第3話
書き溜め分はこれでおしまいです
以降は気分と時間次第…
結局、アレクはその手紙には断りの返事をした。
「はぁ…アレックス、俺の昇進が遅れるじゃないか、なんてことは言わないけどね。だがホントに良かったのか?今回を逃したら次は何時になるか、誘って貰えるかすら分からないんだぞ」
ダンにそう伝えると、友人の立場からはそう言われた。そして続いて部下の立場からも。
「そりゃ副団長様が残ってくださりゃうちの団員も殆どが喜ぶでしょうし、俺も嬉しいですよ。
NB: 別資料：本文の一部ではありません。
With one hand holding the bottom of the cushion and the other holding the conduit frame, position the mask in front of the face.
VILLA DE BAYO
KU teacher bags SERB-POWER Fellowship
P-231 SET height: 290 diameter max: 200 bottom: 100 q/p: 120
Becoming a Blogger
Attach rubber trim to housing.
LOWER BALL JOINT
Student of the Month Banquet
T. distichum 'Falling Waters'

ですがね、ご存知でしょうが疎ましく思う人間も居るんですよ。1騎士としては微妙な心境ですが」
「微妙っていうと、どういうことだい?」
「あー、気付いてないんですかね」
日に焼けた頬をぽりぽりと掻いてから続ける。
「ウチの女性団員からの俺へのやっかみですよ。居るんですよ、騎士団の中にも副団長を狙ってるやつは」
「そういうのは、その。やっぱりあるのか」
やっぱりだなんてアレク以外が言ったらダンはぶん殴りたくもなっただろうが、アレクが本気で理解してなさそうな顔をしているのを見ると一瞬覚えた苛立ちを、深い溜息へと変えた。
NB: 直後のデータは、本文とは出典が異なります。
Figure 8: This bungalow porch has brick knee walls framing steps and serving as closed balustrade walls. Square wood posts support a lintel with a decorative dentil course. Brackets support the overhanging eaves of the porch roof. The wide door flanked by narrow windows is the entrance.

「ええ。そりゃ顔良し性格良し金良し将来性良し。おまけに訓練時や任務時と平時のギャップが堪らないそうです」
あぁ、副団長と結婚すれば防犯性も上がりますかね、と軽く笑うとすぐに少し草臥れた顔をする。
「あー、こほん。ダンは、その…なんでそんなに詳しいの?」
聞きたくはないがダンとて誰かに、いや原因へ吐き出したかろうと思い仕方なく水を向ける。
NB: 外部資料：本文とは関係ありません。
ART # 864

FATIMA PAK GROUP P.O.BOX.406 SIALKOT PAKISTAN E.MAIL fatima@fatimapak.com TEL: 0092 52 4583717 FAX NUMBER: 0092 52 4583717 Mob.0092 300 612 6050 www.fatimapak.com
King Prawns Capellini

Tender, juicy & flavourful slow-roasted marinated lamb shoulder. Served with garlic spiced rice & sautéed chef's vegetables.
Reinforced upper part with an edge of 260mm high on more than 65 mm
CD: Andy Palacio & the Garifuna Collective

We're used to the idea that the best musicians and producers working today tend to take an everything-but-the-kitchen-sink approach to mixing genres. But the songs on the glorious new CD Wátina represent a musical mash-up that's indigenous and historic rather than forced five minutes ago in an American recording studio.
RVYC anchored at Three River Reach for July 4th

「なんでってそりゃあのババアども…失敬。お嬢様がたが俺に色々と余計な事を話し続けてくるんですよ。やれアレックス様は何処にいるのか、やれアレックス様は何がお好きなのか。やれアレックス様の今日の私服と同じ服屋の服を買った。毎回副団長と休みがかぶる訳でもないですからね、その時女性団員とペアになると殆どの確率でアレックス様アレックス様と延々と聞かされ続けるんですよ……。しかも詰め所に戻ってからもですよ⁉︎はぁ、今じゃ副団長より副団長の事を知っている気がします」
最後まで言い切ったダンは、何処となく晴れやかな顔をしていた。逆にアレクの顔は形容しがたい形に歪んでいた。
「その、ダン。今日終わったら飲みに行こうか。おごるよ…」
私服の調達先まで調べ上げられている事にゾッとしつつも、騎士の能力の高さとその無駄遣いへの嘆きとがない交ぜになり、結局は有耶無耶にしたままそれを酒で流し込む事にした。
「え?あぁ、じゃあご馳走になります。それにしても、さっきの件は誰からの推薦だったんですか?うちの将軍ですかね、閣下は副団長大好きですから」
「いや、それが違うんだ。実は第3の騎士団長からだった。不気味で仕方がないんだ…。あの麗剣様が僕を第1に上げたがる理由や関係性がさっぱり分からなくてね」
そう、第3騎士団の団長といえば3女とはいえ貴族の令嬢でありながら、最年少で、それでいて賄賂など使わずに実力だけで団長の座をもぎ取った才媛である。そんな女性とアレクの共通点と言えば、せいぜい最年少という肩書きだけだろう。
だがしかし、それを聞いてダンは呻き声を上げた。
「うわぁ、副団長はなんというか…。女性にモテるくせに間が悪いというか」
「い、一体なんの事だよ、間が悪いって」
そんなタイミングで、手慣れた動作でスリを働く女を見かけてしまう。ダンに手信号で回り込めと指示すると、アレクはその女性へと声をかけようと近付いた。